Give the listing back in full, exactly as written, with the pictures removed.

Information shown: Begin

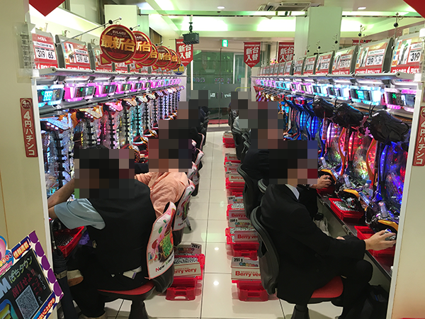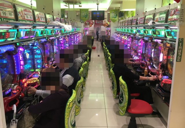 19時ごろの4円パチンコをみてみると、新台の「ぱちんこCR北斗の拳7 転生」や「CRぱちんこテラフォーマーズ」などに、笑みを浮かべているプレイヤーを確認。
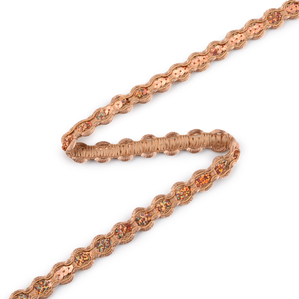 Тесьма с пайетками плетеная 15мм коричневая светлая купить в розницу и оптом
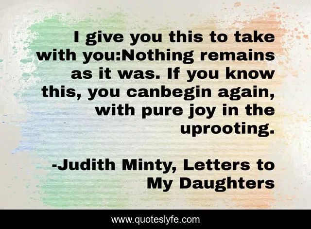 This page presents the quote "I give you this to take with you:Nothing remains as it was. If you know this, you canbegin again, with pure joy in the uprooting.". Author of this quote is Judith Minty, Letters to My Daughters. This quote is about rebirth, poetry, leaving, moving, time, change,.

Information shown: End

**Answer space:**
 19時ごろの4円パチンコをみてみると、新台の「ぱちんこCR北斗の拳7 転生」や「CRぱちんこテラフォーマーズ」などに、笑みを浮かべているプレイヤーを確認。
 Тесьма с пайетками плетеная 15мм коричневая светлая купить в розницу и оптом
 This page presents the quote "I give you this to take with you:Nothing remains as it was. If you know this, you canbegin again, with pure joy in the uprooting.". Author of this quote is Judith Minty, Letters to My Daughters. This quote is about rebirth, poetry, leaving, moving, time, change,.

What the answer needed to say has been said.